李在明批判横断幕の設置不許可→許可 自ら偏向疑惑を招いた韓国選管、後始末できるのか【12月24日付社説】
韓国中央選挙管理委員会は、韓国与党・国民の力所属議員に対して「内乱の共犯」と記した横断幕を許可した一方で、「李在明(イ・ジェミョン)は駄目です」と書かれた横断幕の設置を不許可とした。「李在明は駄目です」の横断幕は「事前の選挙運動になる恐れがある」から駄目で、与党議員を「内乱の共犯」とした横断幕は「事前の選挙運動にならない」から設置は可能という論理だ。すると選管に対して「大統領弾劾訴追案が憲法裁判所で認容され大統領選挙が前倒しで行われ、李在明代表が大統領候補になることを既成事実化しこれを前提としている」との批判が相次いだ。最終的に選管は23日、委員長主催の会議で「李在明は駄目です」の横断幕は事前の選挙運動にならないとして設置を認めることにした。その理由について選管は「表現の自由を幅広く認めるため」と説明している。 【写真】「そんなことだろうと思った!」 与党議員が選管の偏向的な態度を新しい横断幕で批判
尹錫悦(ユン・ソンニョル)大統領は「選管による不正選挙疑惑」を非常戒厳令を宣布した理由の一つだと説明した。尹大統領は具体的な証拠は提示できなかったが、韓国社会の一部で不正選挙への疑惑が根強いのは事実だ。このような状況にあるからこそ選管はいかなる決定を下す際にも慎重に慎重を期さねばならない。ところが今回は憲法裁判所による弾劾審判の認容と大統領選挙前倒しを既成事実として決定を下してしまった。あまりに軽率な対応と言わざるを得ない。これだから選管には不正選挙陰謀論がいつまでも付いて回るのだ。 選管は「文在寅(ムン・ジェイン)政権では一貫して共に民主党を擁護した」との指摘を受けてきた。

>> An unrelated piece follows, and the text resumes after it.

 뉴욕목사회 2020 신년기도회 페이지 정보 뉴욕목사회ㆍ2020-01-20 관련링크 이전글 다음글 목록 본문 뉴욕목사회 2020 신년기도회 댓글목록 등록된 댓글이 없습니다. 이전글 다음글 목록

選管は2021年4月のソウル市長補欠選挙の際、「補欠選挙なぜするの?」というキャンペーンを「朴元淳(パク・ウォンスン)元ソウル市長、呉巨敦(オ・ゴドン)元釜山市長を連想させる」との理由で不許可とし、「ネロナムブル(自分がやったらロマンス、他人がやったら不倫。ダブルスタンダード)」「偽善」「無能」などの言葉も「特定の政党を連想させる」という納得しがたい理由でやはり不許可とした。これらの決定が笑い話のように語られると、選管は22年の大統領選挙で「ネロナムブル」の使用を許可した。 金命洙(キム・ミョンス)元大法院(最高裁判所に相当)長が指名した大法官らが選管の委員長だった当時、選管では政治偏向問題に加え「かご投票」や職員の世襲採用などが表面化し、そのたびに選管は再発防止を約束した。ところが今回、非常に緊張した時期にもかかわらず、またも偏向問題を自ら招いてしまった。 選管はつい先日、不正選挙疑惑を指摘するだけで処罰できるとする法改正に向け準備を進めると発表した。不正選挙疑惑が戒厳令の一つの原因にまでなったため、これを根絶するという意味合いだが、このような対応は逆に表現の自由を侵害する恐れがある。「不正選挙疑惑などあり得ない」と立証したいのであれば、選管は国民を脅すのではなく、まずは偏向した決定を下さないようにすべきだ。こんな問題が繰り返されるようでは、選管だけでは後始末できない事態がいつか起こるかもしれない。